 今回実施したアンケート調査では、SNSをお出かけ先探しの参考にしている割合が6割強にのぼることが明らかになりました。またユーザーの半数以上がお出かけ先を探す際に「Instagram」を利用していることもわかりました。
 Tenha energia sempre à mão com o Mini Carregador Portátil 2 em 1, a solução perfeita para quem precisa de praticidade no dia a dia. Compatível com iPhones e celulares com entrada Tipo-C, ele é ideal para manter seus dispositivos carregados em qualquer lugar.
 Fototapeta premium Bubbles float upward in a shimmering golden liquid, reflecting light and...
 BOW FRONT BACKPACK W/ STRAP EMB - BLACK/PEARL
========
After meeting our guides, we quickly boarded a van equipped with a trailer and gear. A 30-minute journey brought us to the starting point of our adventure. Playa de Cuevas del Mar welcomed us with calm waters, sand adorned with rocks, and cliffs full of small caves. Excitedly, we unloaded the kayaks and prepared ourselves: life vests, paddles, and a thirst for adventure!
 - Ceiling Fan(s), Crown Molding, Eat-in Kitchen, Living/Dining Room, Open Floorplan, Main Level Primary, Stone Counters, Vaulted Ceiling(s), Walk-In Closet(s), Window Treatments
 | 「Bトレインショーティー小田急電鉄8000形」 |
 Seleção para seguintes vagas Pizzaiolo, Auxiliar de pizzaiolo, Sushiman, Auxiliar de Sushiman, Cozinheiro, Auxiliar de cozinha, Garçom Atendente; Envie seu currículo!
========
WORK REQUIRED
Reproduce, character for character, only the lines of the preceding data that start at the line with "Fototapeta premium Bubbles" and end at the line with "BOW FRONT BACKPACK", both included.

RESULT BELOW
 Fototapeta premium Bubbles float upward in a shimmering golden liquid, reflecting light and...
 BOW FRONT BACKPACK W/ STRAP EMB - BLACK/PEARL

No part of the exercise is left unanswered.